It appears that the quest for national consistency in summer management of ski areas has led to a specific bill (see story here). Here’s a quote.
Not all conservationists were supportive of the bill. Identifying permitted uses at ski resorts is best left to the forest planning process done at the regional level, said Louise Lasley, public lands director for the Jackson Hole Conservation Alliance.
During a forest planning process, factors such as public participation and addressing the needs of individual forests could be taken into consideration, she said.
“It seems like overkill,” Lasley said of the bill. “A federal law to prohibit or allow specific activities on leased ski areas on the forest seems Draconian, no matter what the outcome is.”
But we have a federal law for wilderness, and many want a national rule for roadless areas. Both of these allow and prohibits specific activities nationally. The question of what restrictions or sideboards should be decided nationally versus locally continues. And there is an associated question; if people agreed to do it nationally, the FS could issue national direction that might be easier than passing a bill. There must be more to this than meets the eye.
Sharon is correct. There is more here than meets the eye. The new bill is designed to allow snowmobiling at ski areas. Snowmobiling is not now permitted under the 1986 National Forest Ski Area Permit Act. The new bill would expand the uses “to enable snow-sports (in addition to nordic and alpine skiing) to be permitted on National Forest System land.”
Snowmobiling is a fast-growing sport that the ski industry is missing out on. Some ski area operators believe they can mix downhill, nordic and snowmobile uses on their permitted area, thus expanding their revenue base.
Here’s a note to a blog with more info..the entertainingly named blog is called Grays on Trays.
I guess the Treasury gets the receipts, if the blog is correct. Maybe we could add the idea of the forest with the ski area keeping the receipts to the bill :).
The “summer uses” discussed in the news stories on this bill is either a mistake or a smokescreen. The bill has nothing to do with summer uses; in fact, the bill seeks to “enable snow-sports,” which do not include “zip lines, mountain bike trails, parks, hiking trails, Frisbee golf courses and rope courses.”
This bill is about snowmobiles.
Andy- a read of the bill says that it is about expanding uses beyond nordic and alpine, and specifically mentions the summer ones that would be OK and ones that would not be OK.
Here’s the Purpose section.
SEC. 2. PURPOSE.
At the risk of beating a dead horse, the proposed bill does not itemize the permitted uses, nor does it say which would be OK and which not. The bill does give the FS broad authority to permit “appropriate” seasonal or year-round recreational activities, but provides no guidance regarding what is vs. isn’t appropriate.

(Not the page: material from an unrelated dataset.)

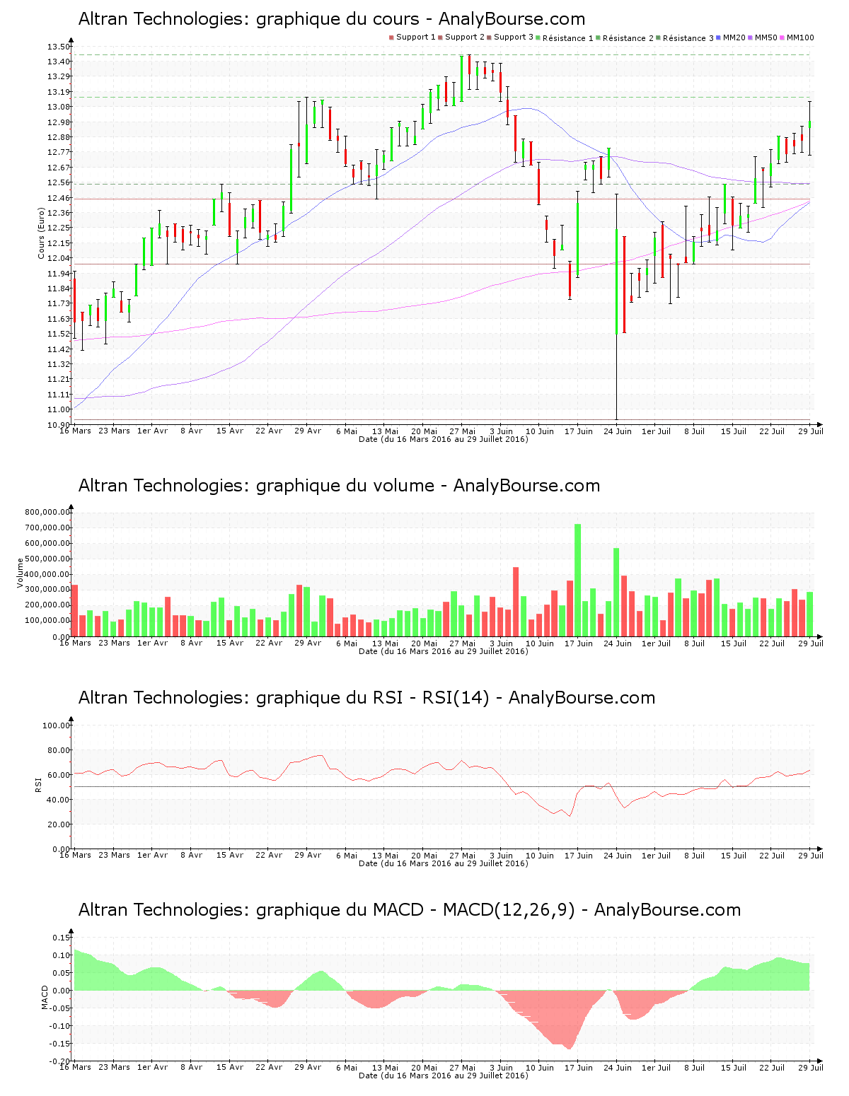 Côté indicateurs, le RSI est ces cinq derniers jours de cotations assez stable. C’est donc encore au niveau d’achat que ce dernier se situe. De son côté, l’indicateur MACD est stable cette semaine. Il représente par conséquent encore une trajectoire du titre en substantielle hausse sur le moyen terme. Pour terminer, la moyenne mobile sur cinquante jours de la valeur Altran Technologies se trouve maintenant au-dessus de sa moyenne mobile sur cent jours depuis 67 séances.

I think this bill is mostly motivated by snowmobiling because that’s where the untapped snow-sport revenue pot is to be found.
Andy- your cite is to the House Bill. I think the press is on the Senate Bill which calls out which summer uses are OK and not OK.

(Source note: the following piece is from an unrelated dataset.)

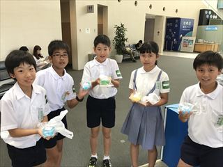 5年生が校外学習で「水俣漁師市」を取材に出かけました。

Thanks for the kind word about my blog, Sharon. … And to honest, I never thought of this as applying to snowmobiling. One reason is that I don’t ride snowmobiles much, so it’s not on my radar. The others is that the source I picked it up from focused on summer activities–as, apparently, does the Senate version of the bill. I would guess that the NSAA would be happy to have its members be able to offer snowmobiling.
As for the question of whether there should be national rules or local rules, I’m inclined as a matter of my own political philosophy to go for local rules, but I’m not decided at this point.